Pour aller plus loin

Questions fréquentes

Pourquoi le tribunal a-t-il accordé une indemnisation intégrale malgré des circonstances indéterminées ?

Le tribunal rappelle que, selon une jurisprudence constante de la Cour de cassation (Civ. 2e, 14 juin 2007, pourvoi n° 06-15620), lorsque les circonstances d'un accident demeurent indéterminées et qu'aucune faute n'est prouvée à l'encontre du conducteur, celui-ci conserve un droit à indemnisation intégral. En l'espèce, la SA SMA n'a pas rapporté la preuve d'une faute du conducteur du camion appartenant à la SAS PETIT FORESTIER LOCATION, notamment quant à un défaut de stationnement, faute de légende exploitable sur le croquis annexé au constat amiable.
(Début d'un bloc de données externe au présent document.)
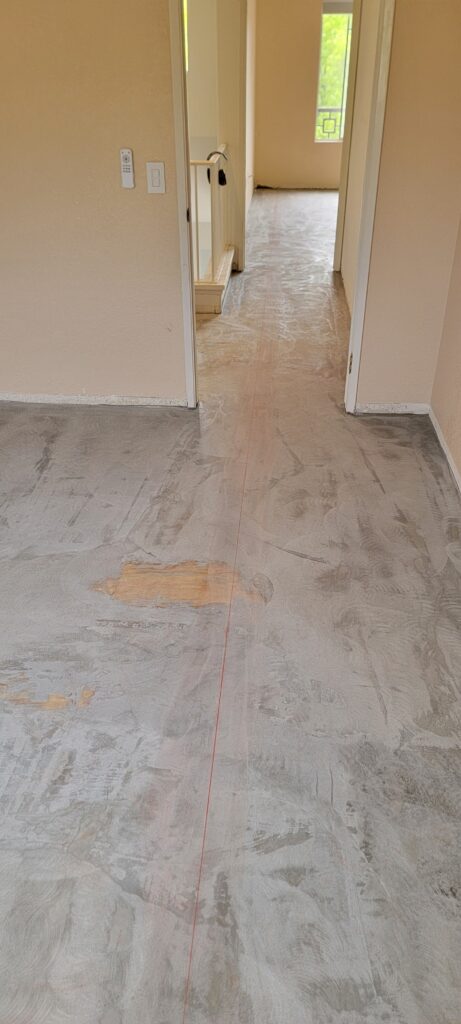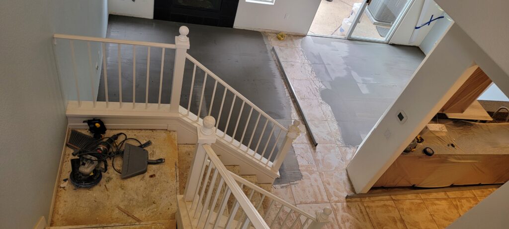 On this particular project we were able to retain the existing tile installed on concrete, which is permitted as long as it’s secure and you grind over it then apply leveler to prepare for the new flooring downstairs.

Qu'est-ce que l'action directe contre l'assureur, mise en œuvre dans cette affaire ?

En application des articles L.124-3 et L.124-4 du code des assurances, le tiers lésé dispose d'un droit d'action directe contre l'assureur garantissant la responsabilité civile de la personne responsable. C'est ce mécanisme que la SAS PETIT FORESTIER LOCATION a utilisé pour agir directement contre la SA SMA, assureur du conducteur du camion impliqué, sans avoir à mettre en cause ce dernier personnellement.

Quelles conditions la loi du 5 juillet 1985 impose-t-elle pour ouvrir droit à indemnisation ?

L'article 1er de la loi du 5 juillet 1985 exige la réunion de trois conditions : un accident de la circulation, l'implication d'un véhicule terrestre à moteur, et un dommage en lien causal avec cet accident. Le tribunal souligne qu'aucune faute du conducteur mis en cause n'est nécessaire pour que ce régime s'applique, dès lors qu'un contact matériel établit l'implication du véhicule.

La demande de dommages et intérêts pour résistance abusive a-t-elle été accueillie ?

Non. Le tribunal a débouté la SAS PETIT FORESTIER LOCATION de cette demande, au motif qu'elle ne justifiait ni de l'abus de droit ni de la mauvaise foi de la SA SMA, alors que les circonstances de l'accident étaient demeurées indéterminées, ni même d'un préjudice distinct résultant de cette prétendue résistance abusive.